HARIAN BERKAT – Gemawan melangsungkan Focus Group Disscusion (FGD) Inisiatif Pencegahan dan Pengelolaan Kebakaran Hutan dan Lahan (karhutla) , khususnya di wilayah gambut.
Kegiatan guna membangun kolaborasi dan komitmen para pihak pemangku kepentingan, khususnya pemerintah kabupaten, organisasi non-pemerintah, pemerintah desa, Masyarakat Peduli Api (MPA), Pemadam Api Swasta dalam penanganan karhutla ditingkat tapak ini dilangsungkan di Kabupaten Mempawah dan Kabupaten Sambas, pada 25-26 Februari 2025.
Dewan Pendiri Gemawan, Hermawansyah mengatakan Gemawan inikan mitranya BRGM, lalu dalam pembelajaran program BRGM yang selama ini yang di dalamnya Gemawan juga terlibat, itu kita menemukan kondisi faktual di lapangan karena Kalbar inikan setiap tahun terjadi kebakaran hutan dan lahan (karhutla), tetapi mestinya sebagai sebuah kejadian yang berulang-ulang bukan hal baru.
Nah mestinya kita sudah harus mulai merancang pendekatan yang lebih terukur, lebih terencana sehingga tidak lagi kita melakukan quick response setiap tahun yang seolah-olah itu begitu-begitu saja.
Oleh karena itu, kata Wawan, Gemawan kebetulan bekerjasama dengan USFS (United States Forest Service) lalu coba melakukan inisiatif untuk bagaimana memperkuat kapasitas masyarakat peduli api (MPA).
“Karena MPA inikan adalah lembaga desa yang menghimpun potensi masyarakat yang punya komitmen untuk melakukan pencegahan dan juga penanggulangan kebakaran hutan dan lahan, jadi MPA ini yang mestinya menjadi garda terdepan, bagaimana upaya penanganan karhutla itu berbasis masyarakat di tingkat tapak,” kata Wawan belum lama ini.
Baca Juga : Aliansi Tanggap Bencana Bumi Khatulistiwa Lakukan Aksi Ngamen Amal untuk Korban Banjir
Wawan menyebut lagi-lagi bicara karhutla ini bukan hanya tanggung jawab satu dua pihak. Oleh karena itu, setelah Gemawan melakukan penilaian assessment di 14 desa, di 10 desa yang ada di kabupaten mempawah dan 4 desa di kabupaten mempawah ini lalu kita coba mengidentifikasi dan menyimpulkan fakta-fakta yang kita temukan di lapangan.
Lalu kita coba merekomendasikan kepada pemerintah untuk melakukan beberapa hal, terutama bagaimana memperkuat kapasitas MPA. Jadi tidak hanya bertugas saat kejadian karhutla saja, tetapi paling tidak MPA itu bisa punya perencanaan.
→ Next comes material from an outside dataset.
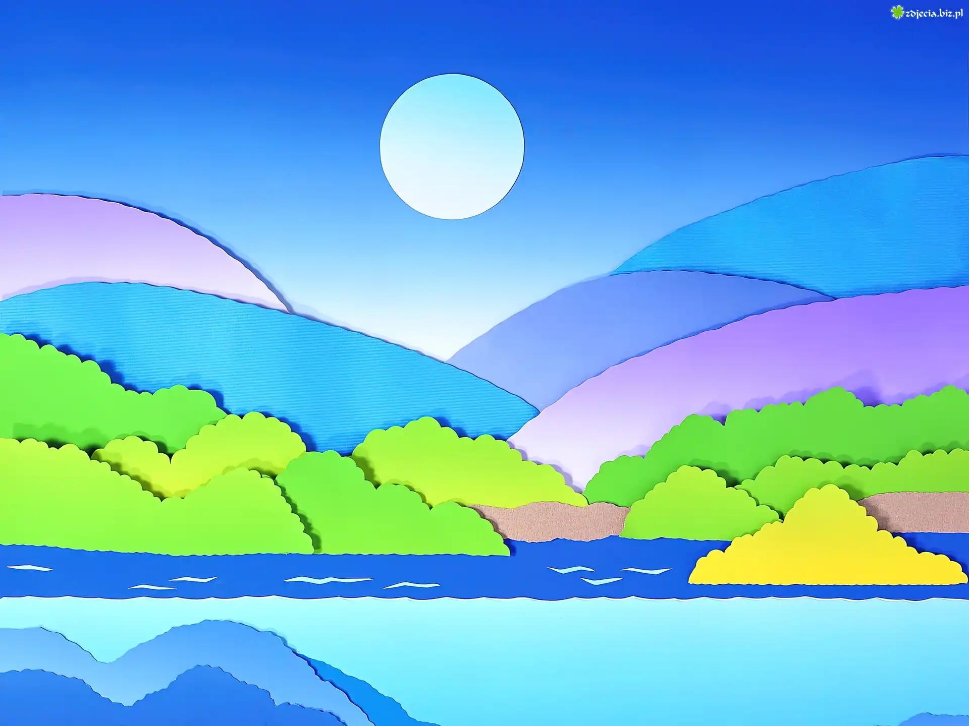Zdjęcie Krajobraz, Rzeka, Drzewa, Góry, Art
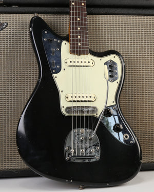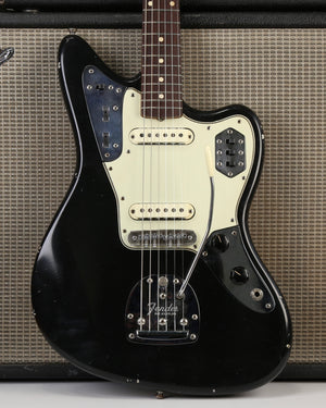 1962 Pre-CBS era Jaguar with a black refin, slab board rosewood neck. Original pickups are strong at N: 6.66k and B: 8.11k. Nut width is 1.52 inches. Weight is 8 lb 1oz. Pro refret and Mastery bridge makes this one the perfect player's Jaguar.

Apalagi inikan penanganan karhutla mestinya bisa diprediksi, misalnya di tahun 2025 inikan BMKG merilis bahwa musim hujan itu sampai akhir bulan maret, artinya awal april keatas itu musim kemarau.
Nah mestinya menjelang musim kemarau pemerintah, dan termasuk juga yang terutama itu MPA sudah punya langkah-langkah antisipasif, misalnya kalau peralatannya itu belum ada bagaimana pengadaan alatnya, kalau sudah ada lalu bagaimana kondisinya apakah masih oke atau tidak, lalu bagaimana dengan sumber air yang ada di wilayah desa.
Karena analisis Gemawan itu juga melihat bagaimana tren ataupun sejarah kebakaran itu yang terjadi di titik-titik berulang.
“Nah oleh karena itu, begitu masa MPA sudah dapat peta tentang sebaran titik-titik api itu tinggal memastikan di mana sumber air yang bisa dipakai untuk memadamkan kalau terjadi karhutla,” urainya.
“Nah itu yang mesti di petakan, sehingga kalau sumber airnya agak jauh dari titik sebarannya, bagaimana caranya, apakah harus ada bikin embung kah, atau bikin sumur bor, atau misalnya selangnya dipanjangkan, jadi ada langkah-langkah kerja persiapan oleh MPA menghadapi musim kemarau,” jelasnya.